Dalam kasus dukungan penghinaan kepada Nabi Muhammad Salallaahu Alaihi Wasallam oleh presiden Perancis Immanuel Marcon, MUI perlu mempertimbangkan "Masirah Qubra". Demo besar. Pertama, ini akan memberi energi dan dorongan yang kuat kepada pihak istana untuk mengambil sikap tegas. Sampaikan ke Istana, jangan takut jika mobil Esemka diboikot oleh Perancis.
Kedua, demo yang besar-besaran akan menjadi sosialisasi yang efektif ke telinga masyarakat. Bahwa MUI menyerukan boikot terhadap produk-produk Perancis. Demo akan memastikan bahwa masyarakat mendengar seruan boikot dari MUI tersebut.
Ketiga, ini akan memberi pesan kuat kepada masyarakat muslim di seluruh dunia, agar mereka ikut melakukan protes keras. Juga untuk mengkonsolidasikan massa secara besar-besaran dalam memboikot produk-produk Perancis.
Jika fatwa MUI terhadap kasus penistaan agama yang dilakukan Ahok mampu menghadirkan tujuh juta massa umat Islam. Apalagi jika MUI dan seluruh ormas Islam turun langsung untuk memimpin demo serta melakukan konsolidasi massa. Hasilnya tentu saja lebih dahsyat lagi.

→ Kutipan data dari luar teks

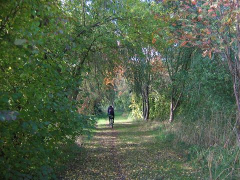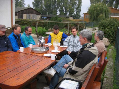 Kurz hinter Phöben erreichen wir den neuen Havelradweg. Er ist (mit den in Brandenburg üblichen leicht zu übersehenden Minischildern) gut ausgeschildert. Nach kurzer Fahrstrecke passieren wir einen Reiterhof, ein kleines Schild weist auf einen Radlerimbiss, den wir natürlich probieren. Es gibt frischen Kaffee und selbst gebackenen Kuchen, zubereitet und serviert von der netten Dame des Hauses. Hier lohnt ein kurzer Halt.

Cukup setiap ormas Islam mengerahkan sejuta massa, maka akan berkumpul belasan hingga puluhan juta massa dari Monas sampai Bundaran HI hingga memadati Jl Soedirman-Thamrin Jakarta. Mungkin ini akan menjadi demo terbesar di sepanjang sejarah Indonesia, bahkan dunia.
Jika demo ini dilakukan dan berhasil, maka pabrik milik Perancis di Indonesia bisa tutup, dan impor dari Perancis bisa berhenti. Ini baru akan memberi efek jera kepada Perancis. Sekaligus akan memaksa Immanuel Macron, presiden Perancis meminta maaf.
Masalahnya, MUI berani dan punya nyali tidak? Kalau cuma seruan boikot lewat surat yang diviralkan by PDF di medsos, mungkin banyak yang malas buka. Dijamin nggak bakal efektif. Bukan percuma, tapi tidak akan pernah besar pengaruhnya.
Penulis adalah Pengamat Politik dan Pemerhati Bangsa.